Dataset items
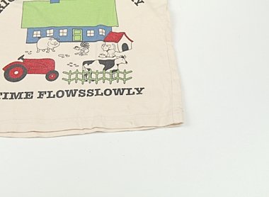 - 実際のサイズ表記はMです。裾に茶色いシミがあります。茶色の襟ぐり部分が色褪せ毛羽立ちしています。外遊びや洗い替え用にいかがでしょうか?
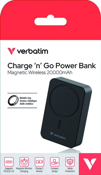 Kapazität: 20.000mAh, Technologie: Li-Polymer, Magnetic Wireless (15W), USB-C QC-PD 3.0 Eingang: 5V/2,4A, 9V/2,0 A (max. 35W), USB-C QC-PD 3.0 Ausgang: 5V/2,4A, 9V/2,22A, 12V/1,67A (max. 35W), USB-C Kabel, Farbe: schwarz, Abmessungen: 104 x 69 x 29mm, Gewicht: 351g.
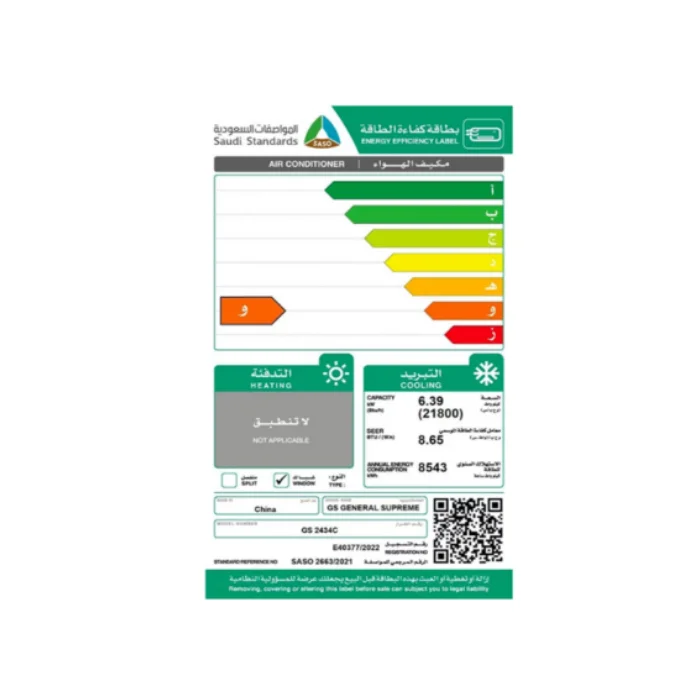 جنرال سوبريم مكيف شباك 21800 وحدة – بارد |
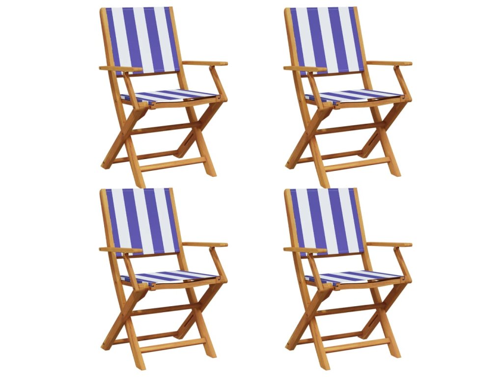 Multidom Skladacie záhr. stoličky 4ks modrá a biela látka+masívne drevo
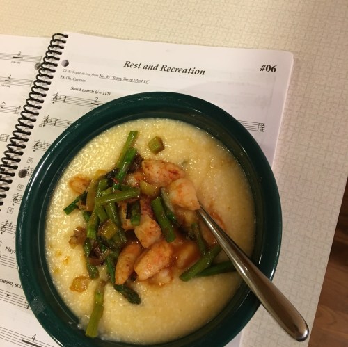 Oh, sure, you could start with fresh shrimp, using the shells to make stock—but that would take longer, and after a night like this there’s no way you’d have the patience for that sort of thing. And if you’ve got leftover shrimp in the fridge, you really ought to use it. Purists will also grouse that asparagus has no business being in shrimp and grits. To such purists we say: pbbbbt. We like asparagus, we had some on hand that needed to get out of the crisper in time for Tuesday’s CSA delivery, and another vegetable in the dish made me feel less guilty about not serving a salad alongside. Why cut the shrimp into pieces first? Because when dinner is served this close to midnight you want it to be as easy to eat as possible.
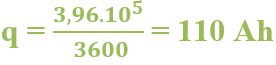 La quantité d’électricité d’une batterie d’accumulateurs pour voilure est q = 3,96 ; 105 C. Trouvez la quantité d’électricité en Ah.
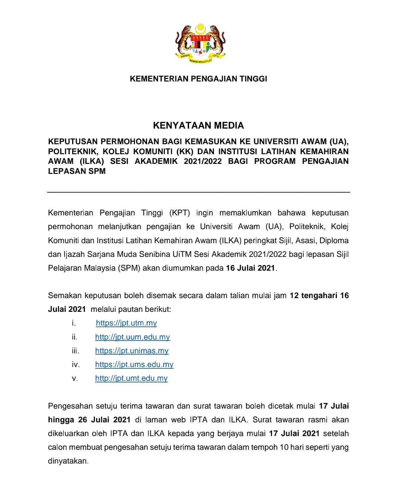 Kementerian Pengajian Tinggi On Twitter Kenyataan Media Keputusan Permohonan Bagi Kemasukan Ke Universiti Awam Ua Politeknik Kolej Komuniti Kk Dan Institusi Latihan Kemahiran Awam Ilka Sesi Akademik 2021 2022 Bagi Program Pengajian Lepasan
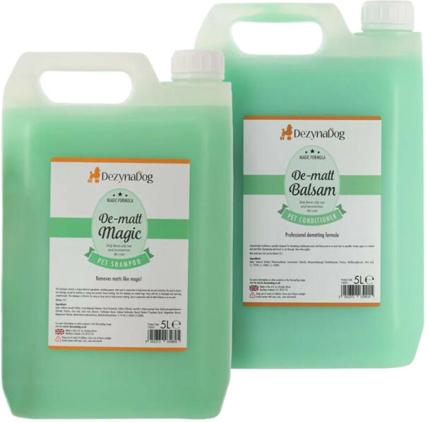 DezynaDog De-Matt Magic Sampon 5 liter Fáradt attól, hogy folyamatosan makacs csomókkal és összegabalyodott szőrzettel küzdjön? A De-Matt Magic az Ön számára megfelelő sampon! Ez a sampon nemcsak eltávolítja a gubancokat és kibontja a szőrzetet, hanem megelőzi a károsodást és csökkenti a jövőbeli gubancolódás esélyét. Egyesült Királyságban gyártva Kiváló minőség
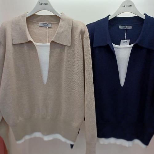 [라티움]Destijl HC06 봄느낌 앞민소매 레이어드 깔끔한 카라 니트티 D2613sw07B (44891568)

What to work on>
Word for word, give the entries back in full; the pictures do not belong in the copy.

Completed task>
 - 実際のサイズ表記はMです。裾に茶色いシミがあります。茶色の襟ぐり部分が色褪せ毛羽立ちしています。外遊びや洗い替え用にいかがでしょうか?
 Kapazität: 20.000mAh, Technologie: Li-Polymer, Magnetic Wireless (15W), USB-C QC-PD 3.0 Eingang: 5V/2,4A, 9V/2,0 A (max. 35W), USB-C QC-PD 3.0 Ausgang: 5V/2,4A, 9V/2,22A, 12V/1,67A (max. 35W), USB-C Kabel, Farbe: schwarz, Abmessungen: 104 x 69 x 29mm, Gewicht: 351g.
 جنرال سوبريم مكيف شباك 21800 وحدة – بارد |
 Multidom Skladacie záhr. stoličky 4ks modrá a biela látka+masívne drevo
 Oh, sure, you could start with fresh shrimp, using the shells to make stock—but that would take longer, and after a night like this there’s no way you’d have the patience for that sort of thing. And if you’ve got leftover shrimp in the fridge, you really ought to use it. Purists will also grouse that asparagus has no business being in shrimp and grits. To such purists we say: pbbbbt. We like asparagus, we had some on hand that needed to get out of the crisper in time for Tuesday’s CSA delivery, and another vegetable in the dish made me feel less guilty about not serving a salad alongside. Why cut the shrimp into pieces first? Because when dinner is served this close to midnight you want it to be as easy to eat as possible.
 La quantité d’électricité d’une batterie d’accumulateurs pour voilure est q = 3,96 ; 105 C. Trouvez la quantité d’électricité en Ah.
 Kementerian Pengajian Tinggi On Twitter Kenyataan Media Keputusan Permohonan Bagi Kemasukan Ke Universiti Awam Ua Politeknik Kolej Komuniti Kk Dan Institusi Latihan Kemahiran Awam Ilka Sesi Akademik 2021 2022 Bagi Program Pengajian Lepasan
 DezynaDog De-Matt Magic Sampon 5 liter Fáradt attól, hogy folyamatosan makacs csomókkal és összegabalyodott szőrzettel küzdjön? A De-Matt Magic az Ön számára megfelelő sampon! Ez a sampon nemcsak eltávolítja a gubancokat és kibontja a szőrzetet, hanem megelőzi a károsodást és csökkenti a jövőbeli gubancolódás esélyét. Egyesült Királyságban gyártva Kiváló minőség
 [라티움]Destijl HC06 봄느낌 앞민소매 레이어드 깔끔한 카라 니트티 D2613sw07B (44891568)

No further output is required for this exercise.